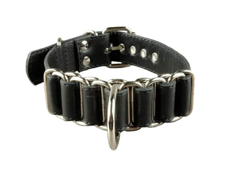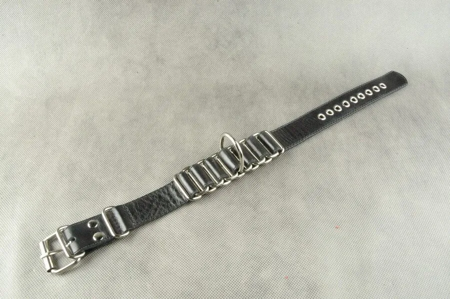 Ошейная окова от российского бренда Beastly сделана из металлических колец и оплетающей их натуральной кожи черного цвета. Получившееся плетение будет прекрасно смотреться на шее, подчеркивая ее плавные изгибы. Посередине ошейника есть крупное полукольцо, к которому можно будет присоединить поводок или другие бондажные аксессуары. Это позволит разнообразить игры с элементами БДСМ и расширить их новыми сценариями.
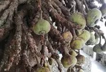 大果榕是桑科榕属的小乔木,株高可达10米;幼枝被柔毛;叶互生,宽卵状心形或近圆形;雄花无梗、匙形、花丝长,雌花生于雌株榕果内,子房白色;榕果簇生于树干基部或老茎短枝上、扁球形或陀螺形,…全部>>
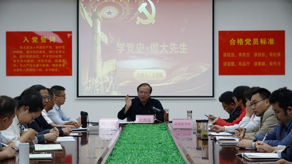 按照学校党史学习教育工作总体安排,5月17日下午,学校党委副书记、副校长王列富以《学党史·做大先生》为题,为太阳集团网站8722和基础医学部全体教师讲授专题党课。
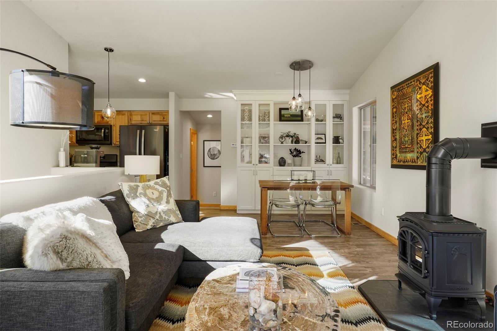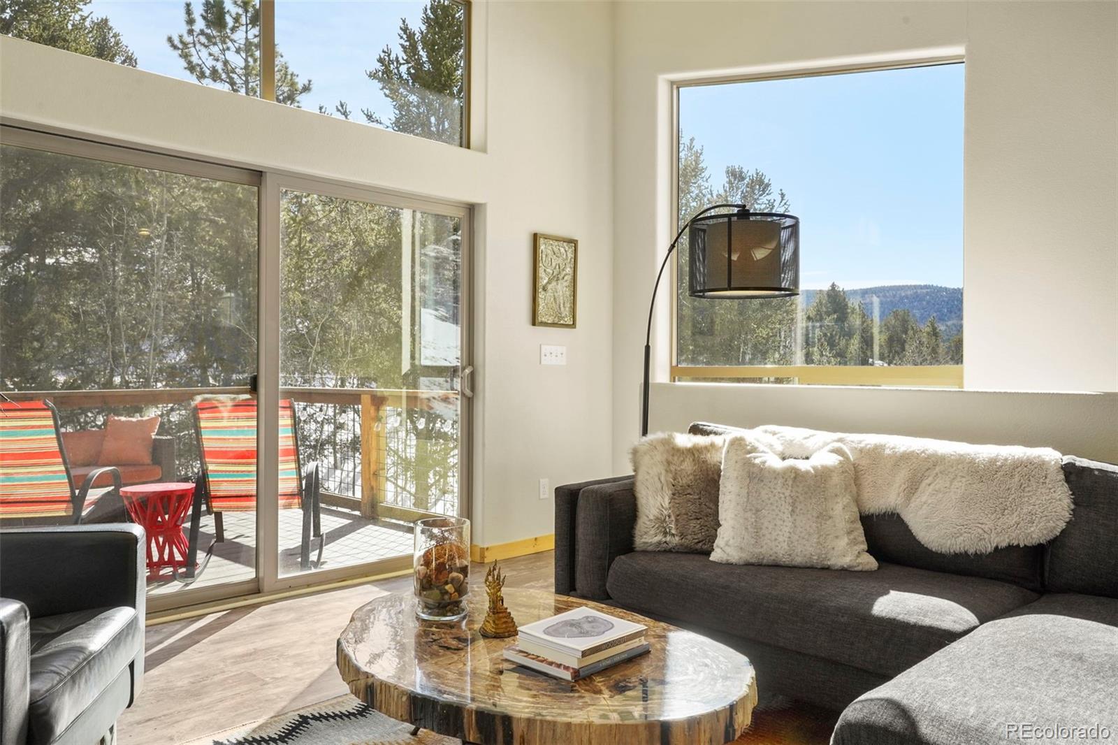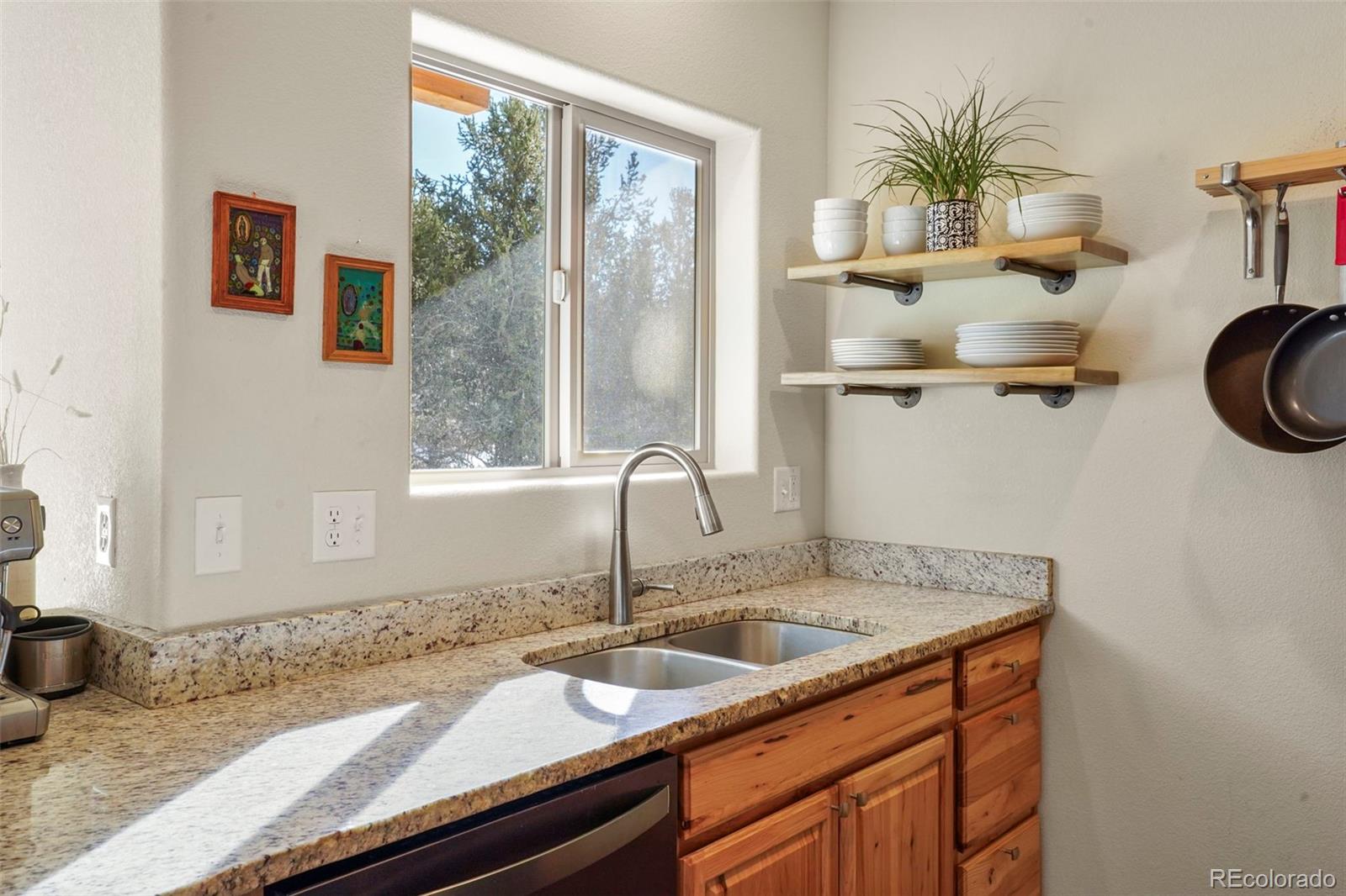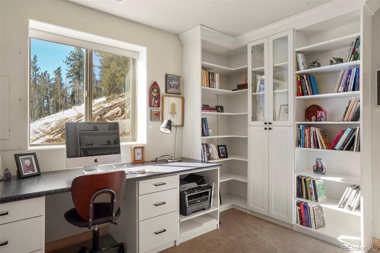 Charming modern mountain home nestled on a 1.28-acre lot with breathtaking views of the surrounding trees and mountains! This delightful raised ranch residence features 1488 square feet of living space, including 3 bedrooms and 2 bathrooms. The great room concept main floor, features soaring ceilings, a cozy gas fired stove, and many windows that bring the peace of the outdoors inside. Walk-out out to the spacious deck to take in the surrounding mountain air, sunshine, and serenity. Custom built-ins adorn the dining area and the kitchen boasts granite counter tops, hickory cabinets and stainless appliances. The master bedroom is light and bright with a generous walk-in closet and the custom bathroom, with a beautifully designed walk-in shower, completes the main level. The lower level includes 2 bedrooms, one of which features many built-in bookshelves, a full custom bathroom, and a family room with more built-ins and a pellet stove. Walk-out to the patio to enjoy outdoor living with a hot tub and fire pit. Just steps from the outdoor living area is an adorable 120 square foot, finished, studio/bunkhouse currently set up as an office. This wonderful extra space can be whatever you choose, and is solar powered and heated with a small stove. Store all of your outdoor adventure gear or tools in the roomy storage shed and an EV charging station was recently added. All furnishings are negotiable, making this sweet retreat ready to move in! Located between Divide and Cripple Creek via Highway 67 with easy access on county maintained roads. The town of Woodland Park is a short 20 minute drive for all major amenities. The recreational activities available within minutes are endless. World class skiing and white water rafting are within a 1-1/2 hour drive. This home showcases exceptional quality, with meticulous attention to every detail. Come and see for yourself!

■ Brief ■
A verbatim copy of the data, free of pictures, is the expected answer.

■ Answer to the problem ■
 Ошейная окова от российского бренда Beastly сделана из металлических колец и оплетающей их натуральной кожи черного цвета. Получившееся плетение будет прекрасно смотреться на шее, подчеркивая ее плавные изгибы. Посередине ошейника есть крупное полукольцо, к которому можно будет присоединить поводок или другие бондажные аксессуары. Это позволит разнообразить игры с элементами БДСМ и расширить их новыми сценариями.
 大果榕是桑科榕属的小乔木,株高可达10米;幼枝被柔毛;叶互生,宽卵状心形或近圆形;雄花无梗、匙形、花丝长,雌花生于雌株榕果内,子房白色;榕果簇生于树干基部或老茎短枝上、扁球形或陀螺形,…全部>>
 按照学校党史学习教育工作总体安排,5月17日下午,学校党委副书记、副校长王列富以《学党史·做大先生》为题,为太阳集团网站8722和基础医学部全体教师讲授专题党课。
 Charming modern mountain home nestled on a 1.28-acre lot with breathtaking views of the surrounding trees and mountains! This delightful raised ranch residence features 1488 square feet of living space, including 3 bedrooms and 2 bathrooms. The great room concept main floor, features soaring ceilings, a cozy gas fired stove, and many windows that bring the peace of the outdoors inside. Walk-out out to the spacious deck to take in the surrounding mountain air, sunshine, and serenity. Custom built-ins adorn the dining area and the kitchen boasts granite counter tops, hickory cabinets and stainless appliances. The master bedroom is light and bright with a generous walk-in closet and the custom bathroom, with a beautifully designed walk-in shower, completes the main level. The lower level includes 2 bedrooms, one of which features many built-in bookshelves, a full custom bathroom, and a family room with more built-ins and a pellet stove. Walk-out to the patio to enjoy outdoor living with a hot tub and fire pit. Just steps from the outdoor living area is an adorable 120 square foot, finished, studio/bunkhouse currently set up as an office. This wonderful extra space can be whatever you choose, and is solar powered and heated with a small stove. Store all of your outdoor adventure gear or tools in the roomy storage shed and an EV charging station was recently added. All furnishings are negotiable, making this sweet retreat ready to move in! Located between Divide and Cripple Creek via Highway 67 with easy access on county maintained roads. The town of Woodland Park is a short 20 minute drive for all major amenities. The recreational activities available within minutes are endless. World class skiing and white water rafting are within a 1-1/2 hour drive. This home showcases exceptional quality, with meticulous attention to every detail. Come and see for yourself!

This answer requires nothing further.